00:24:01.740 The manager flow involves decoding the payload, verifying its integrity, invoking the middleware for rejection opportunities, and finally executing the job by instantiating its class and calling its perform method.
00:24:51.180 Lastly, let's touch on the Sidekiq dashboard: a simple Rack application that displays job views in an easy-to-read format. The Pro and Enterprise versions are also gems that you can buy licenses for to get credentials for your gem files.
00:25:45.720 That covers Sidekiq for my talk. If you have any questions, please feel free to ask!
00:26:01.680 Thank you!
00:26:06.960 I have a question.
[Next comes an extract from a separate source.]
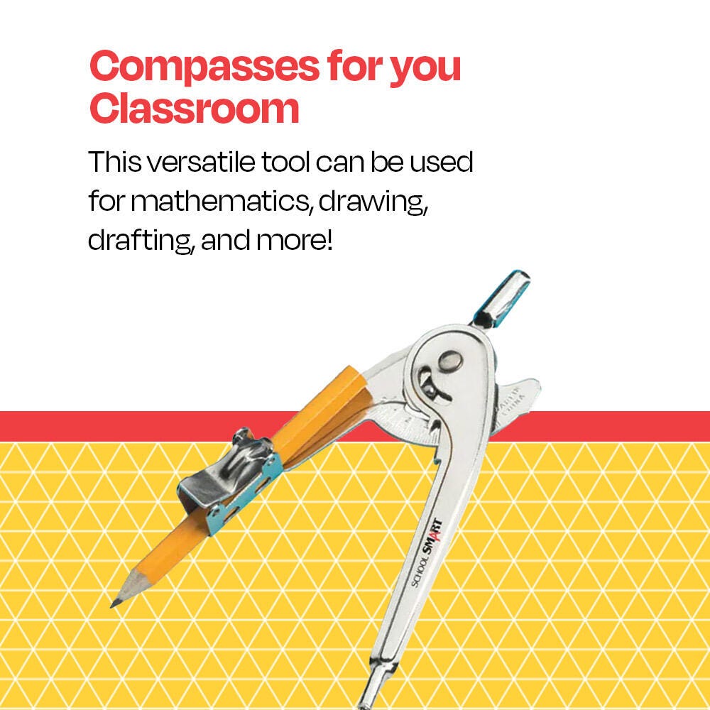 Create perfect circles in art, geometry, and drafting class with the School Smart ball bearing compass with short point. The technical drawing instrument consists of two parts (a short point with a spike at the end and a pencil holder with a positive lock) that are connected by a hinge that is easy to adjust for drawing smaller or larger circles. Simply set the geometry compass for your desired size. This metal compass can draw up to a circle 12 inches in diameter as a maximum. Our geometry compass set comes with 12 compasses per pack; pencils sold separately.Features

You had a slide where a job was scheduled inside a transaction and you mentioned a race condition was present, yet you also noted that the new version of Sidekiq fixes this race condition.
00:26:44.400 Just let me find it...yes, this one! I’m curious, how does it handle that?
00:27:24.540 Exactly how will Sidekiq 7 deal with that problem?
00:27:46.440 To be honest, I don't know yet. The pull request is still open, and the release date has not been confirmed. Nevertheless, it has been a critical focus for the team.
00:28:49.680 So to clarify, it will ensure that the job does not execute until after the transaction commits successfully, is that right?
00:29:28.740 Yes, indeed! The job will wait until the transaction commits in the database.
00:30:02.280 Thank you for the insightful presentation!
00:30:39.960 Regarding keeping jobs simple, I have observed conflicting recommendations.
00:31:03.300 One suggests always using jobs only as wrappers for your service object call, while another recommends treating the job as a Ruby object and performing logic there.
00:31:45.480 Do you have a preference for either approach?
00:32:01.920 It all depends on the situation. I typically prefer performing basic checks before calling a service object to avoid duplication.
00:32:53.520 Though using service objects is common in practice, especially with Sidekiq's delayed extension. While the delay feature will be removed in Sidekiq 7, you can expect a separate gem offering similar capabilities.
00:33:41.520 Regarding scheduling numerous jobs at once, I generally recommend utilizing the batching feature, which allows for batch processing of thousands of jobs and you can also receive callbacks once they are all finished.
00:34:35.520 Implementing such techniques is crucial for common scalability and managing job loads.
00:35:15.720 Lastly, if you find yourself in a situation where jobs consume messages from a queue and handle the same record simultaneously, it's important to consider properly managing job execution.
00:36:06.590 Ensuring you maintain consistency prevents unnecessary duplication and keeps your jobs streamlined.
00:36:18.140 That wraps up my presentation, thank you for your time!